Je supprime Terre, Soleil, et tout leur voisinage

Qu'on ne voie plus d'humains tantôt dans ces parages.

J'élimine aussi l'Enfer et le Paradis,

Tous désormais marqués de l'humaine infamie.

Va, et annonce cette nouvelle à ton peuple

Ou pas, peu me chaut, gens et chefs sont aussi veules."

 

Congédié, il revint, interloqué et pâle,

Dans l'ambiance apeurée de son bureau ovale.

Aux courtisans qui hurlaient comme agneau qui bêle,

Il dit : "Partez tous.

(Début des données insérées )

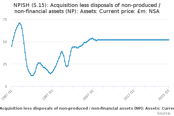 Download this time seriesNPISH (S.15): Acquisition less disposals of non-produced / non-financial assets (NP): Assets: Current price: £m: NSA
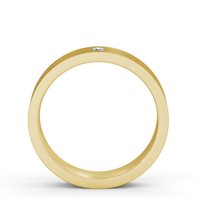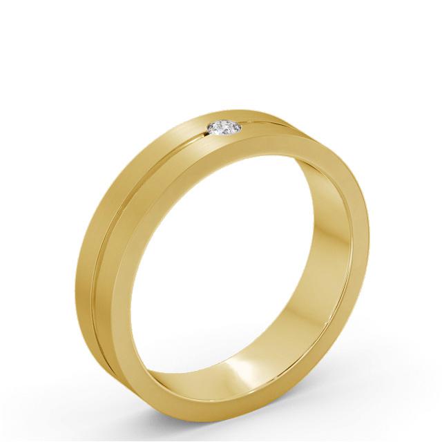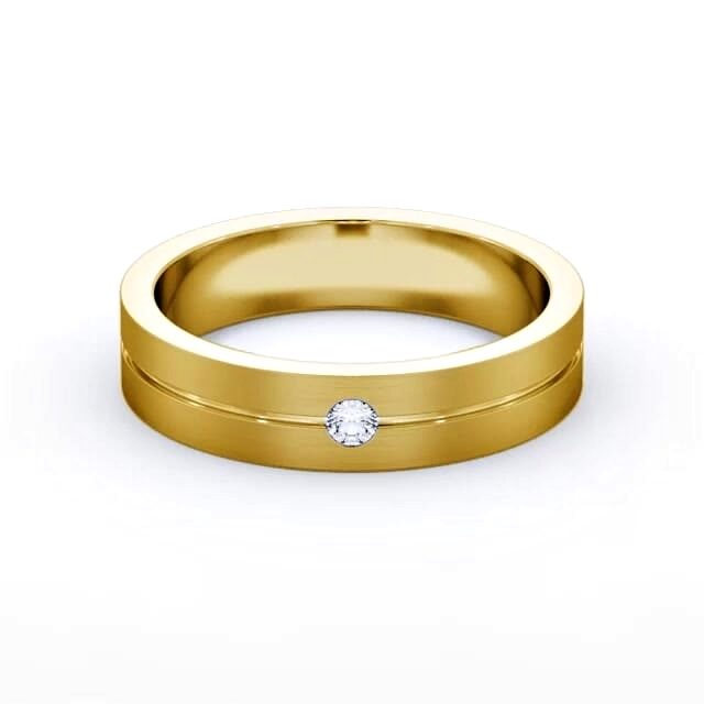 Kavan men's diamond wedding ring in 9K Yellow Gold. A single round diamond in middle, with a single groove that encircle the entire brushed finished band. This ring is available in a range of widths, depths, and metal options. We offer a free design service for any customised changes that you may require.
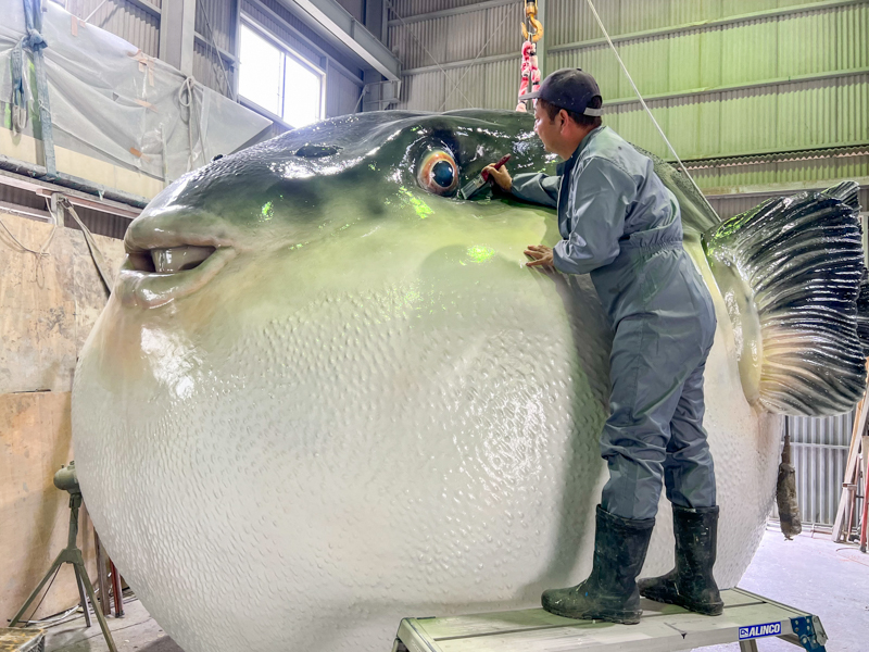 松永 そうやって造形ができたら、塗料を塗って完成まで持っていきます。これはフグをつくっているときの写真なんですけど。
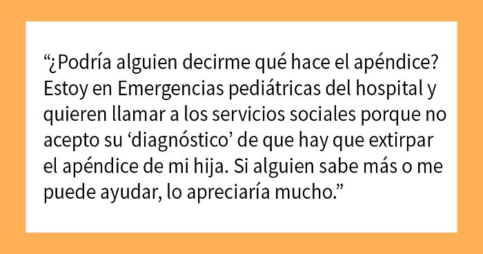 No sé qué hace el apéndice pero no me fio de los médicos que intentan salvar a mi hija
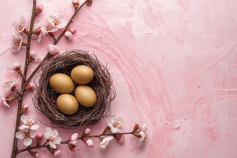 Пасхальные яйца в гнезде ветвей и сакуры на розовом фоне с грубыми штрихами.Концепция счастливой Пасхи 2026

Et mandez-moi ma Michelle."

A Michelle arrivée, Obama dit l'histoire,

Et la supplia de bien vouloir tout y croire.

 

"Ma mie", lui dit-il, "Votre avis si sûr m'importe

Bien plus que ceux de mes conseillers, ces cloportes.

Que vais-je dire au peuple ?" Michelle, en jupe beige,

Répondit : "Barack, ne tombez pas dans ce piège !

 

Un peuple furieux et trahi par son Dieu

Tournera son courroux vers ses chefs, vers tous ceux

Qu'il verra, vers son chien, son voisin et sa femme,

Faisant de tout chaos, désolation et flammes !

Cela sera bien pire ici, à Washington

Où vous verrez, assiégé, pour qui le glas sonne."

Croyez-en votre femme, taisez-vous mon ami,

Et de votre blockhaus restez bien à l'abri.

Et puis, c'est incertain : ce vieux bonhomme aigri,

En trente jours encore, peut bien changer d'avis."

 

"Comme tu es bonne, ma mie" s'écria Obama,

"De ces difficultés tout me remettre à plat !

Je suivrai ton conseil, tout est clair maintenant,

Comme si de rien n'était, je resterai céans !

Quelle chance j'ai donc, d'attendre dans les bras

D'une aussi bonne amie cet injuste trépas !"

 

"Pas vraiment" dit Michelle," car je pars tout-à-l'heure

Vivre ces trente nuits avec votre chauffeur."

 

La morale de ce conte est simple, ou double, ou triple,

Si vous m'avez suivi dans ce petit périple.

D'abord, craignez vos Dieux, car ils ne vous aiment pas :

Ils sont vos créateurs, et non Sœur Theresa.

Ensuite n'attendez pas que vos chefs, vos leaders,

De ces mauvaises nouvelles vous donnent la primeur.

Enfin si vous voyez dans les journaux Michelle

Pour un vulgaire chauffeur, vouloir se faire belle, 

Comprenez qu'il est temps d'enfin quitter le bagne,

De prendre sa musique, son bâton et son chien,

Sans un regret ni doute, de suivre le chemin, 

Pour retrouver enfin la mer et la montagne.